- [Instructions for the task] From top to bottom, retype the data exactly, passing over any picture.
★ ★ ★ ★
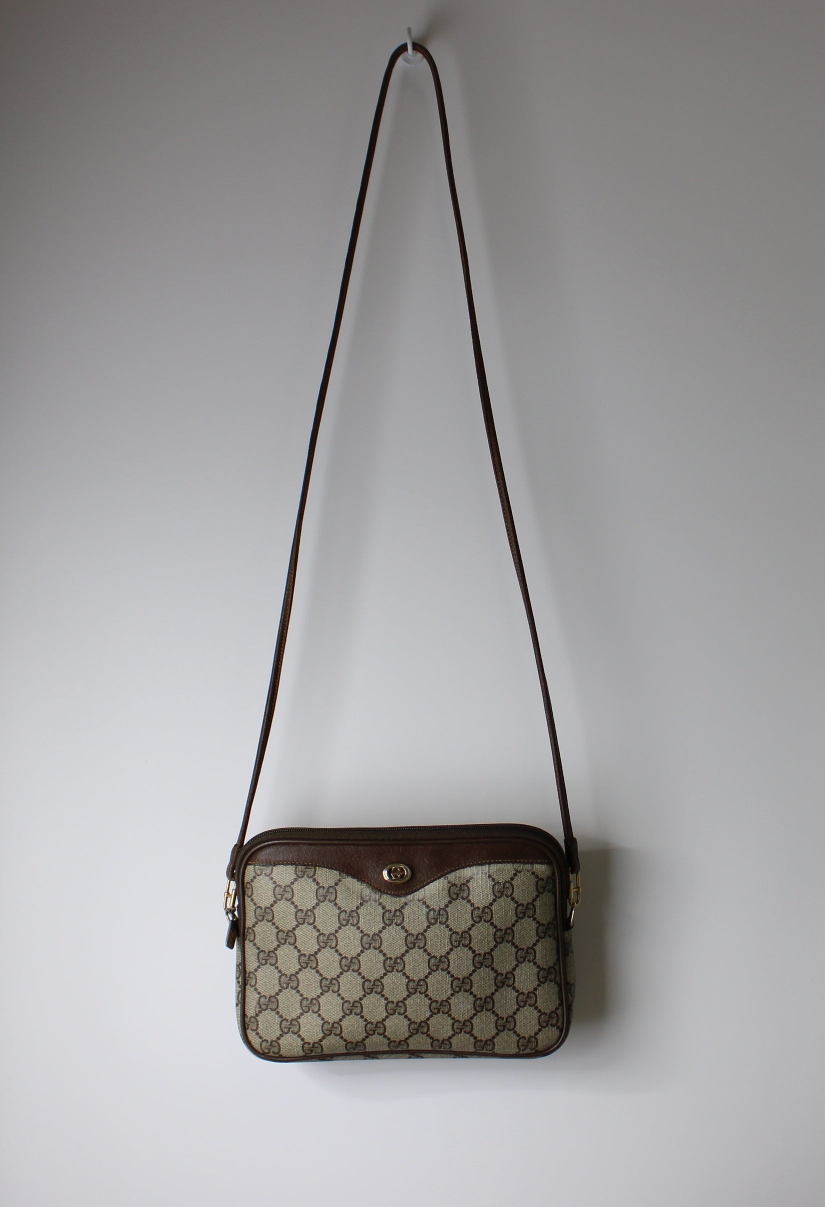 Stefany Bags Shoes and More proudly presents this authentic Gucci GG Ophidia crossbody bag, a timeless piece that effortlessly combines functionality and luxury. Crafted from Gucci's iconic GG Supreme canvas, this bag features rich brown leather trim and a matching adjustable strap, ensuring both durability and style. The signature metal logo on the front adds a touch of classic Gucci elegance.
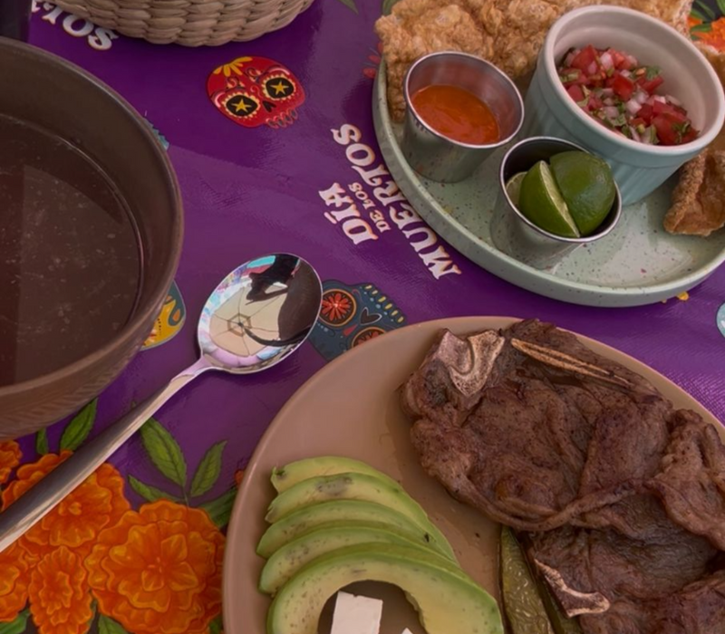 Torerita (gaonera) asada 300gr, cebollitas, nopales, chicharrón, pico de gallo, queso ranchero, frijoles de la olla y tortillas
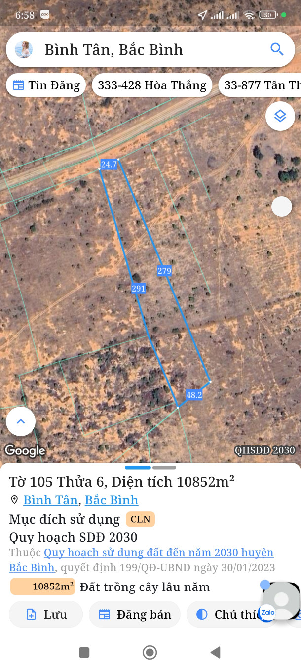 Bán đất 10852m² ngang 25m giá 705.38 triệu Xã Sông Lũy
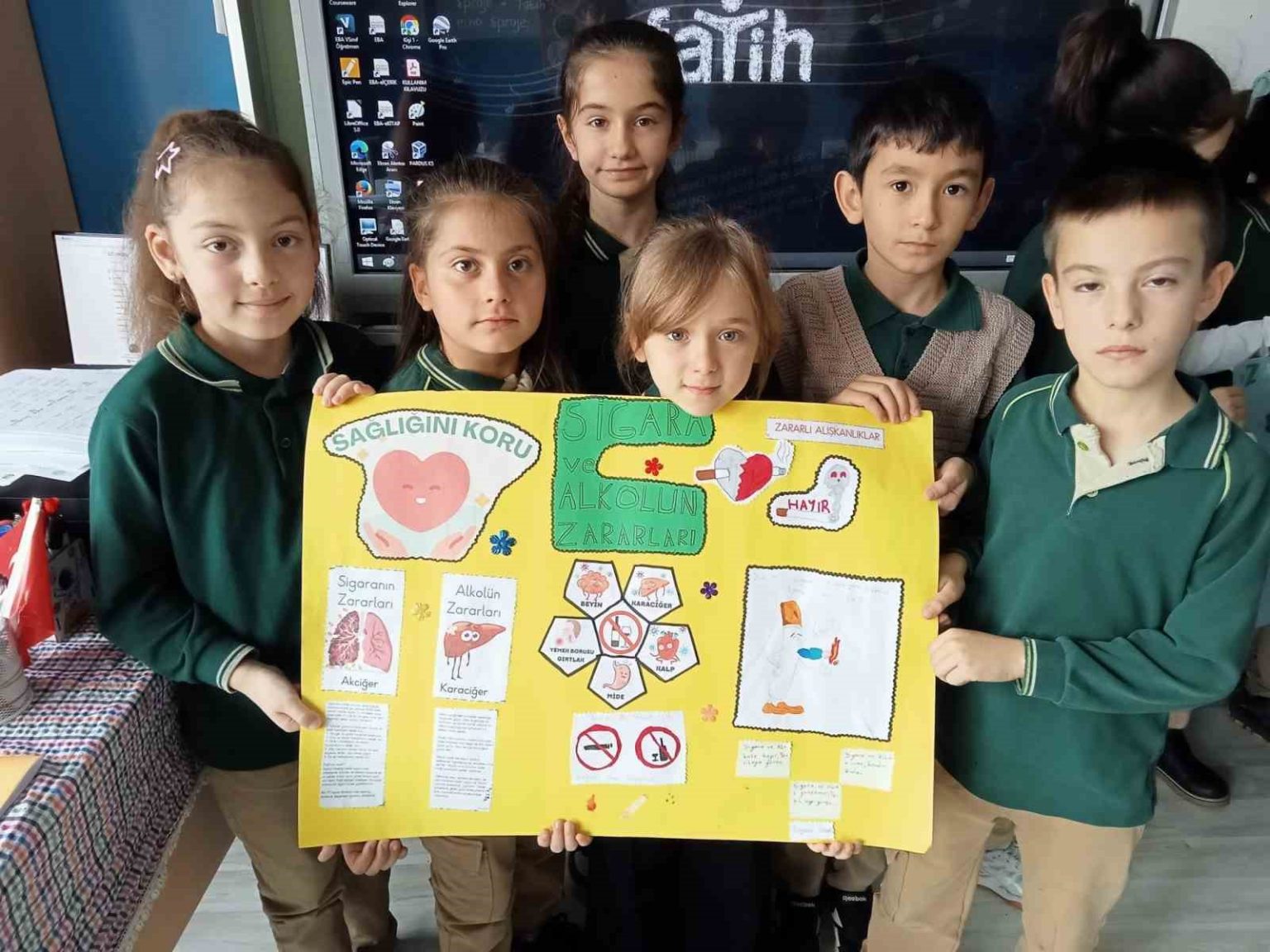 Karaçalı Süperlit İlkokulu 4/B sınıfı öğrencileri, sağlıklı yaşam bilincini geliştirmek ve zararlı alışkanlıklara dikkat çekmek amacıyla “Sigara ve Alkolün Zararları” konulu slogan ve afiş tasarımı etkinliği gerçekleştirdi. Öğretmenleri rehberliğinde düzenlenen grup çalışmasında öğrenciler, sigara ve alkolün hem bireysel hem de toplumsal etkilerini araştırarak kendi fikirlerini afişe yansıttı.
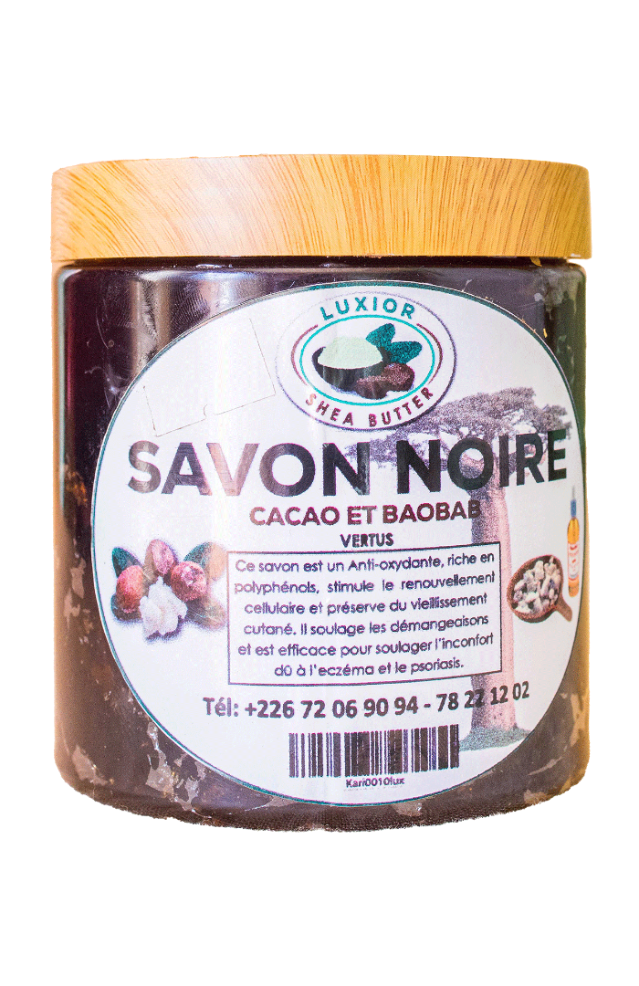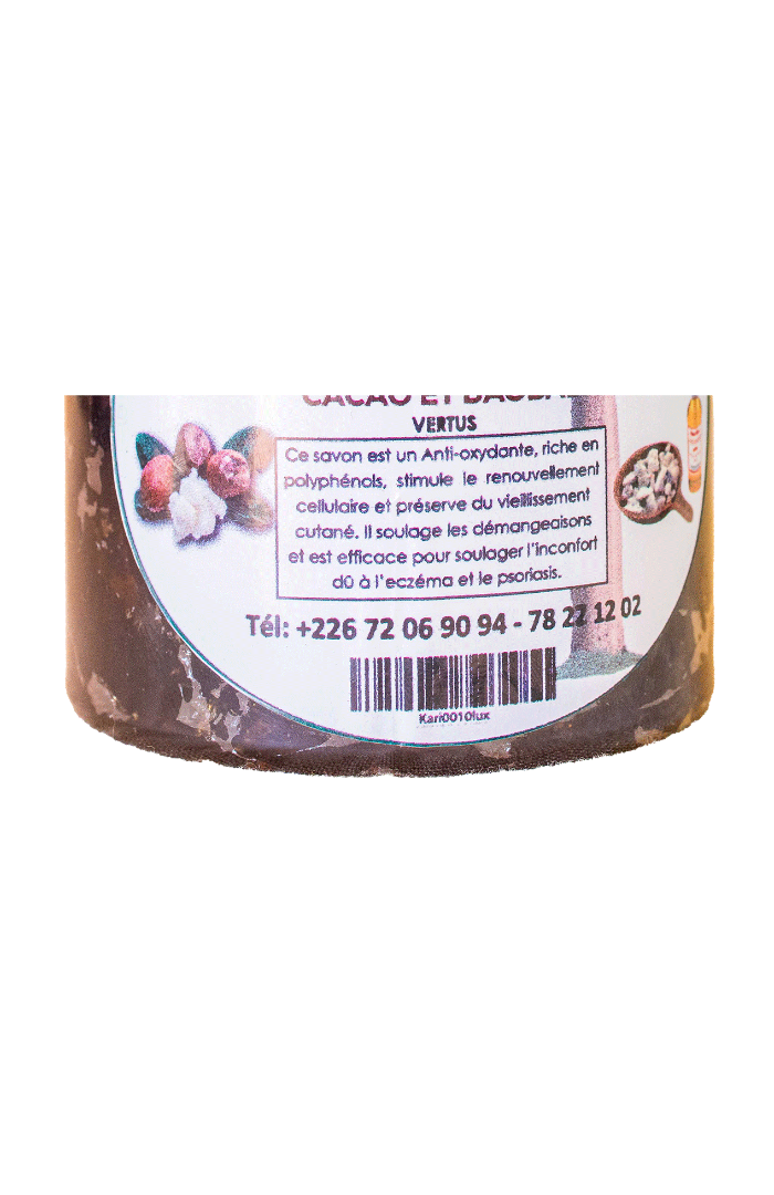 Le Savon Noir au Cacao et Baobab est un soin artisanal unique, formulé à partir d’ingrédients naturels d’Afrique.
★ ★ ★ ★
- [Written answer]
 Stefany Bags Shoes and More proudly presents this authentic Gucci GG Ophidia crossbody bag, a timeless piece that effortlessly combines functionality and luxury. Crafted from Gucci's iconic GG Supreme canvas, this bag features rich brown leather trim and a matching adjustable strap, ensuring both durability and style. The signature metal logo on the front adds a touch of classic Gucci elegance.
 Torerita (gaonera) asada 300gr, cebollitas, nopales, chicharrón, pico de gallo, queso ranchero, frijoles de la olla y tortillas
 Bán đất 10852m² ngang 25m giá 705.38 triệu Xã Sông Lũy
 Karaçalı Süperlit İlkokulu 4/B sınıfı öğrencileri, sağlıklı yaşam bilincini geliştirmek ve zararlı alışkanlıklara dikkat çekmek amacıyla “Sigara ve Alkolün Zararları” konulu slogan ve afiş tasarımı etkinliği gerçekleştirdi. Öğretmenleri rehberliğinde düzenlenen grup çalışmasında öğrenciler, sigara ve alkolün hem bireysel hem de toplumsal etkilerini araştırarak kendi fikirlerini afişe yansıttı.
 Le Savon Noir au Cacao et Baobab est un soin artisanal unique, formulé à partir d’ingrédients naturels d’Afrique.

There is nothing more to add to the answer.